Segment Start: SUPPLIED RECORDS

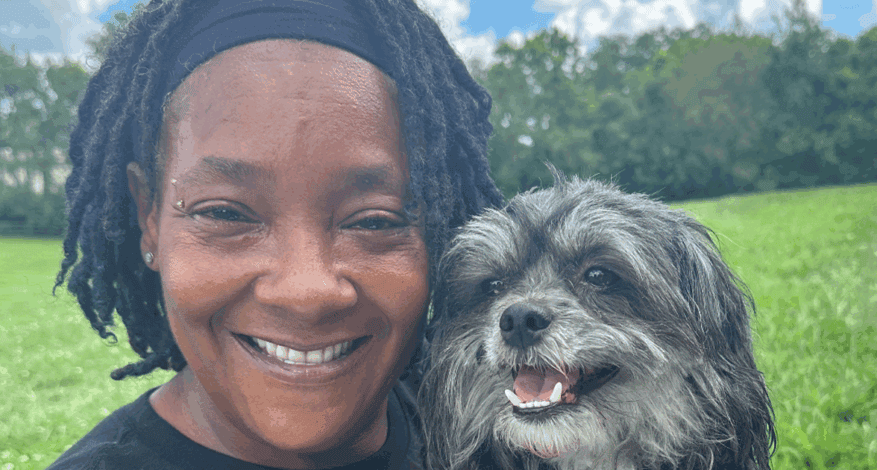 There was another young lady at the shelter, and we became really close. She asked if I’d be willing to keep her dog, Roscoe. He’s been with me ever since.
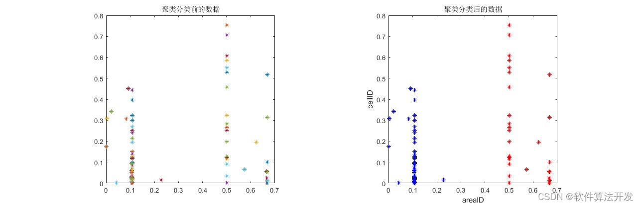 基于改进K-means的网络数据聚类算法matlab仿真 1.程序功能描述K-means属于聚类分析中一种基本的划分方法,常采用误差平方和准则函数作为聚类准则。主要优点是算法简单、快速而且能有效地处理大数据集。研究和分析了聚类算法中的经典K-均值聚类算法,总结出其优点和不足。重点分析了K-均值聚类算法对初始值的依赖性,并用实验验证了随机选取初始值对聚类结果的影响性。根据传统的K...
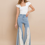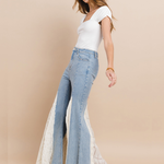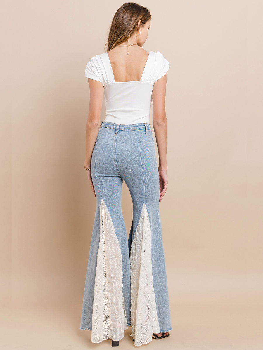 Welcome the new season of style with our Boho-Chic Lace Inset Flare Jeans in Timeless Blue. Merging the free-spirited essence of bohemian vibes with classic denim, these jeans are a sartorial ode to the modern woman who treasures both comfort and panache.
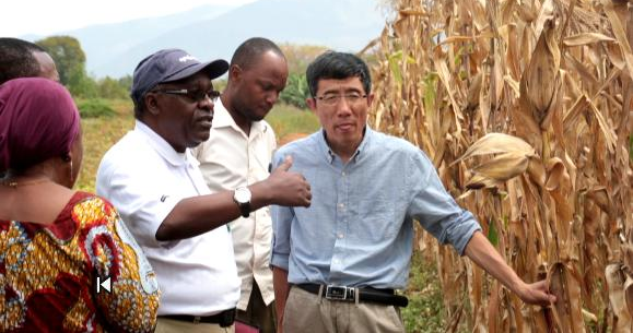 中國農業(yè)專家在坦桑尼亞指導當?shù)厝罕娫苑N玉米
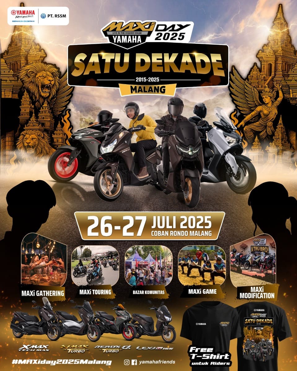PT. Yamaha Indonesia Motor Mfg. (YIMM) bersama PT. Roda Sakti Surya Megah (RSSM) dengan bangga mengumumkan penyelenggaraan kembali acara akbar tahunan bagi para pencinta skutik MAXI, MAXI DAY 2025. Mengusung tema “Satu Dekade”, perhelatan kali ini akan menjadi edisi spesial untuk merayakan 10 tahun perjalanan dan solidaritas komunitas MAXI Yamaha di Indonesia.
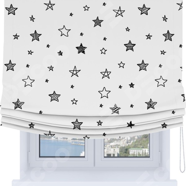 Римская штора Soft производителя «Cortin», используется для проёма, пошита из ткани блэкаут с нанесением сублимационной печати «Звёзды». Имеет универсальный механизм и подходит для монтажа: на потолок, на стену и в нишу. В отличие от стандартных римских штор, римская штора Soft не имеет горизонтальных вставок и нижнего отвеса. Это позволяет ткани произвольно драпироваться в свободные мягкие складки.
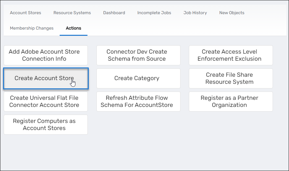 - On the Account Stores page, select the Actions tab and then click Create Account Store.
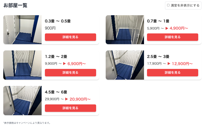 荷物以上に大きな部屋を借りてしまうことや、狭すぎて荷物が入らなかったなんていうトラブルを回避できます。
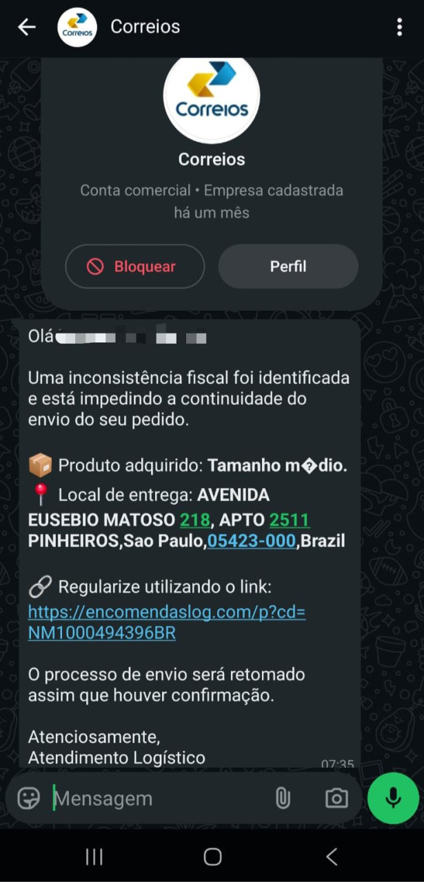 Segundo as informações divulgadas, a fraude usa o nome e o logotipo dos Correios para dar aparência de legitimidade. A mensagem informa que uma suposta encomenda estaria retida em um centro de distribuição e que é necessário pagar um valor para sua liberação — normalmente por meio de um link suspeito que direciona o usuário a um site falso.

Segment End: SUPPLIED RECORDS

* EXERCISE *
With pictures excluded, copy exactly the lines from the line containing "Римская штора Soft производителя" through the last line of the listing above, both ends included.

* OUTPUT BELOW *
 Римская штора Soft производителя «Cortin», используется для проёма, пошита из ткани блэкаут с нанесением сублимационной печати «Звёзды». Имеет универсальный механизм и подходит для монтажа: на потолок, на стену и в нишу. В отличие от стандартных римских штор, римская штора Soft не имеет горизонтальных вставок и нижнего отвеса. Это позволяет ткани произвольно драпироваться в свободные мягкие складки.
 - On the Account Stores page, select the Actions tab and then click Create Account Store.
 荷物以上に大きな部屋を借りてしまうことや、狭すぎて荷物が入らなかったなんていうトラブルを回避できます。
 Segundo as informações divulgadas, a fraude usa o nome e o logotipo dos Correios para dar aparência de legitimidade. A mensagem informa que uma suposta encomenda estaria retida em um centro de distribuição e que é necessário pagar um valor para sua liberação — normalmente por meio de um link suspeito que direciona o usuário a um site falso.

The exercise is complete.